Dataset:

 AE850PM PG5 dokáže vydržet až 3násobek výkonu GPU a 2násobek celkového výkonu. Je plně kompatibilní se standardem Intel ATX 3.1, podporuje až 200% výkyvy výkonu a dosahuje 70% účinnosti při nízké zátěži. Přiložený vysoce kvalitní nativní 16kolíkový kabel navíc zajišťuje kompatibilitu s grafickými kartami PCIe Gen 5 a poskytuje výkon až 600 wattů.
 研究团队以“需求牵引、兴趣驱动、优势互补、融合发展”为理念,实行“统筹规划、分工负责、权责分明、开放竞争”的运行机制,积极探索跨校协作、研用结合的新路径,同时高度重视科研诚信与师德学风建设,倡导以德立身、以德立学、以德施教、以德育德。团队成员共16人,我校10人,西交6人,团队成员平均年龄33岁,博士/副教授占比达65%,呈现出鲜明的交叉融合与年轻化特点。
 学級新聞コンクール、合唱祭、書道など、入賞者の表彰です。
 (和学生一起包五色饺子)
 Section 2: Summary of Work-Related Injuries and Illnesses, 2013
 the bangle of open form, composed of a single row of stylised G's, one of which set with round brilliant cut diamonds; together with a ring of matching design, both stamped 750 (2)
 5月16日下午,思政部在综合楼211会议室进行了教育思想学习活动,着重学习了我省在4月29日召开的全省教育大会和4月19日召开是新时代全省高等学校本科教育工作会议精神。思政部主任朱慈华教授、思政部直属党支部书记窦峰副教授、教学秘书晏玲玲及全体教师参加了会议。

The task:
From the first line to the last, return the records unchanged.

Task output:
 AE850PM PG5 dokáže vydržet až 3násobek výkonu GPU a 2násobek celkového výkonu. Je plně kompatibilní se standardem Intel ATX 3.1, podporuje až 200% výkyvy výkonu a dosahuje 70% účinnosti při nízké zátěži. Přiložený vysoce kvalitní nativní 16kolíkový kabel navíc zajišťuje kompatibilitu s grafickými kartami PCIe Gen 5 a poskytuje výkon až 600 wattů.
 研究团队以“需求牵引、兴趣驱动、优势互补、融合发展”为理念,实行“统筹规划、分工负责、权责分明、开放竞争”的运行机制,积极探索跨校协作、研用结合的新路径,同时高度重视科研诚信与师德学风建设,倡导以德立身、以德立学、以德施教、以德育德。团队成员共16人,我校10人,西交6人,团队成员平均年龄33岁,博士/副教授占比达65%,呈现出鲜明的交叉融合与年轻化特点。
 学級新聞コンクール、合唱祭、書道など、入賞者の表彰です。
 (和学生一起包五色饺子)
 Section 2: Summary of Work-Related Injuries and Illnesses, 2013
 the bangle of open form, composed of a single row of stylised G's, one of which set with round brilliant cut diamonds; together with a ring of matching design, both stamped 750 (2)
 5月16日下午,思政部在综合楼211会议室进行了教育思想学习活动,着重学习了我省在4月29日召开的全省教育大会和4月19日召开是新时代全省高等学校本科教育工作会议精神。思政部主任朱慈华教授、思政部直属党支部书记窦峰副教授、教学秘书晏玲玲及全体教师参加了会议。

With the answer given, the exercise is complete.